Tuesday, February 13, 2024

SECU: Consider This - Chapter 13: Esse Quam Videri - Payday Lending

 http://www.buckleshop.com/images/4571.jpg ... different by design.

Esse Quam Videri - "To be, rather than to seem." 

Where are we?  We know our members aren't convinced the credit union is something quite different from a bank - a different purpose, under different principles, with a different game plan. 

We know what members want from the credit union: convenience, consistency, service quality, lowest possible price. And, we know that telling members that we are different is not going to work - the "We are SECU" ads were a silly set back, "rebranding" appears to be little more than a box of different colored crayons, and the "bright and shiny people" on the website look like everybody else's "bright and shinies".  Much waste, without taste, ain't working!

SECU needs to prove it is different. Give up the "selfie-centered We" and focus on "They" - the members. Shut up and show them! That's what the next few days of Esse Quam Videri will be about. Examples of how SECU tried to create unicorn services for the members - with "They" not "We" - in mind. 
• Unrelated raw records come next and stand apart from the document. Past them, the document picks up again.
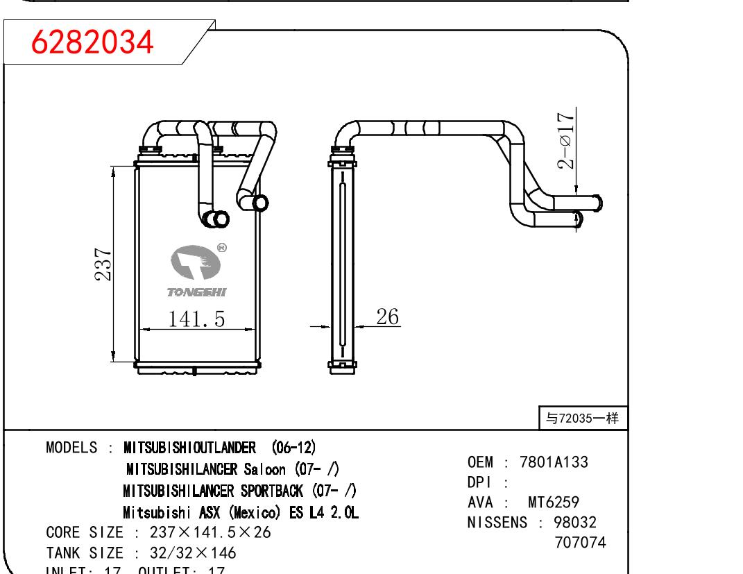 - 适用于三菱 OUTLANDER 06-12/LANCER SALOON 07-/LANCER SPORTBACK 07-/ASX (MEXICO) ES L4 2.0L 暖风 OEM:7801A133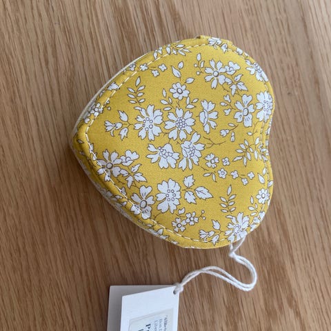 Helt nyt smykkeskrin fra Bon Dep, har fået det i gave, men har et andet i forvejen. Liberty Fabric Fields Flowers udenpå og grå velour indeni.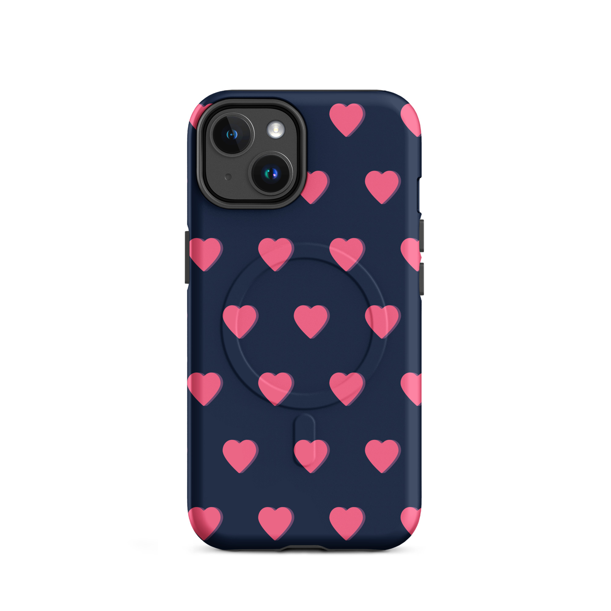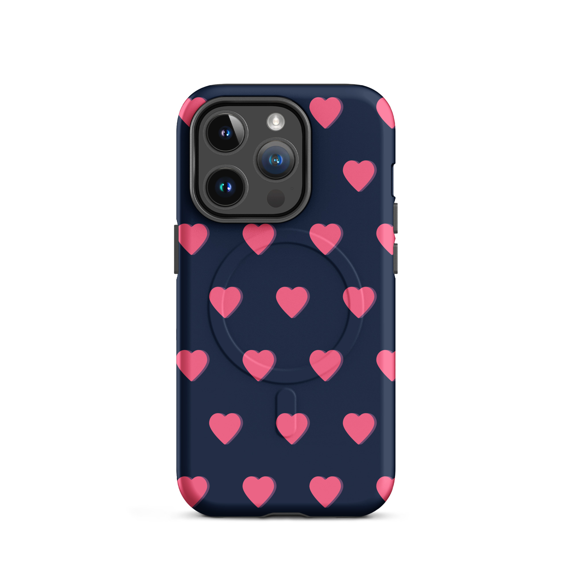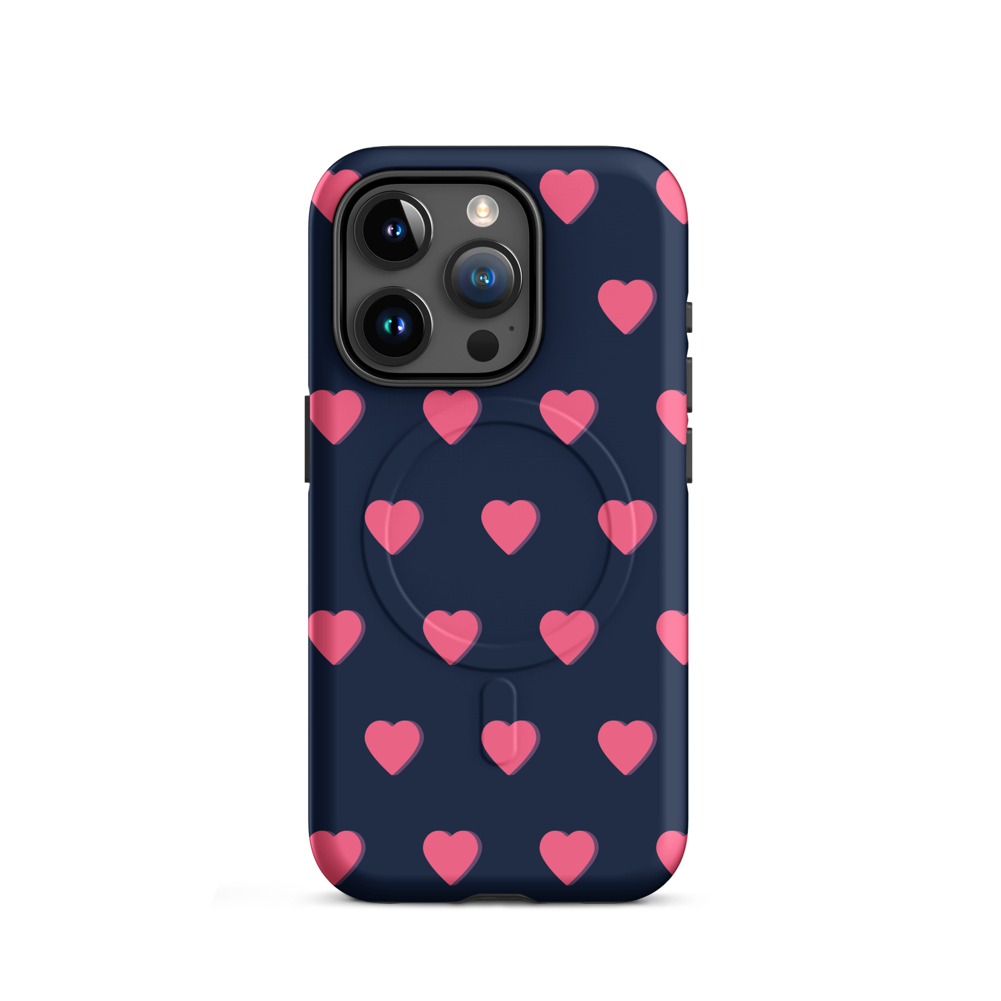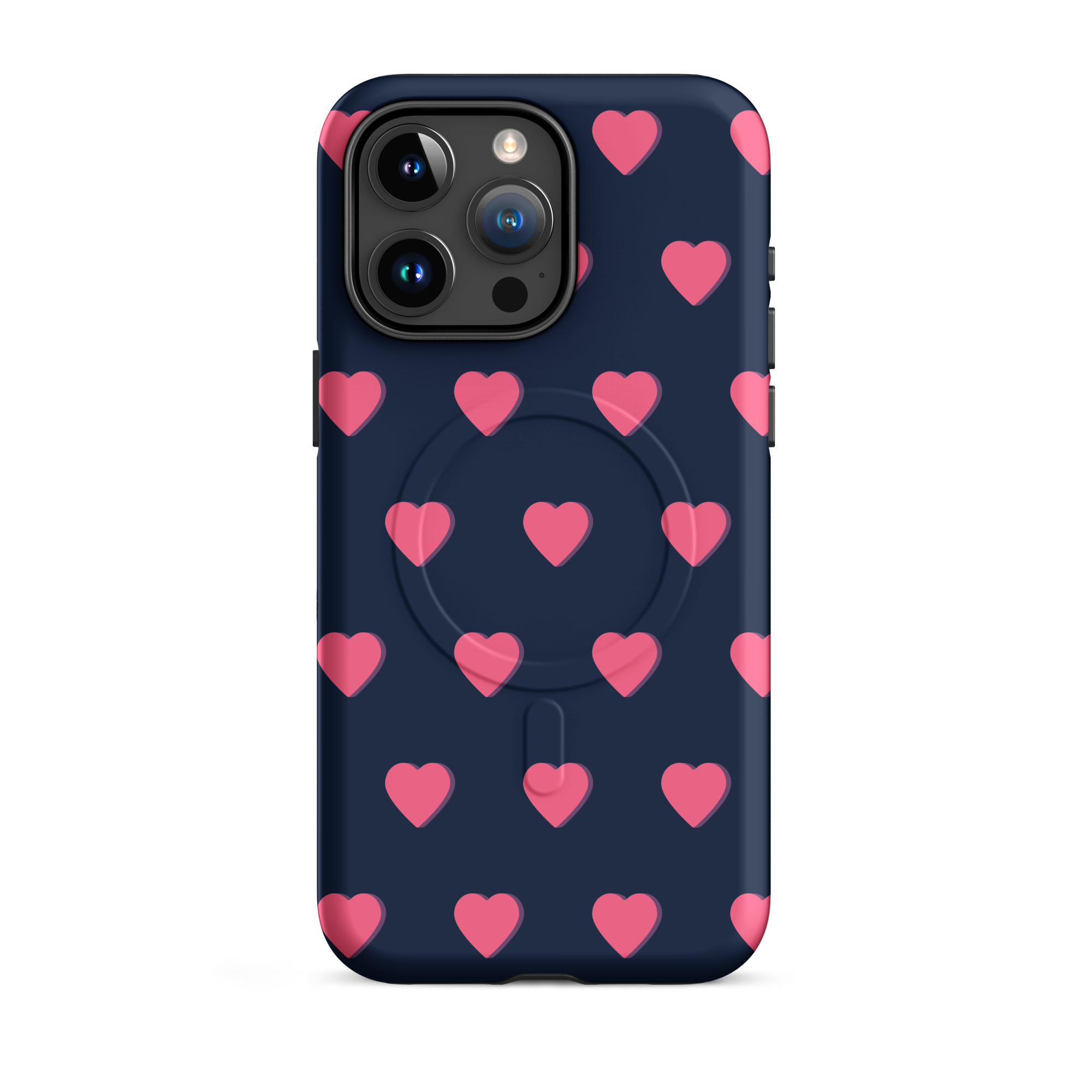 Com um fundo azul-marinho elegante e um padrão cheio de corações cor-de-rosa, ela combina doçura e atitude na medida certa. Ideal para quem adora acessórios que transmitem positividade, amor e estilo em cada detalhe.

First up Payday Lending, which took off as a new financial segment a couple of years back.  Millions of folks started borrowing up to $500 as a short term loan to help make it to the end of the month. Interest rate? - somewhere between 300% and 800%! Now, before you get too snooty and judgemental, stop and go back and read SECU's "origin story" [here Chapter 5]. Isn't a loan until payday how SECU got started?

Short story, long; SECU "mimicked" the payday loan product, which we could see tens of thousands of the members were using each month. The SECU "Salary Advance Loan" (SALO) was a $500 max loan until payday, minimal underwriting (not bankrupt, on direct deposit, "be able to fog a mirror"), with an interest rate of 12%. Could SECU members see the difference between 12% and 300%? You betcha! SECU became the largest "payday lender" in North Carolina! SECU members saved millions of dollars in punitive interest rate costs by avoiding the payday lenders.

But there was a problem (definitely no proud SECU selfie for being the largest payday lender in N.C.!), because payday lending is a "financial trap" for members whether at 12% or 300%. Many members get caught up in the cycle - when payday rolls around, they don't have the funds to repay without renewing the loan again, and again, and again.  So, got 'em out of the high rate, now how to get them out of the financial trap?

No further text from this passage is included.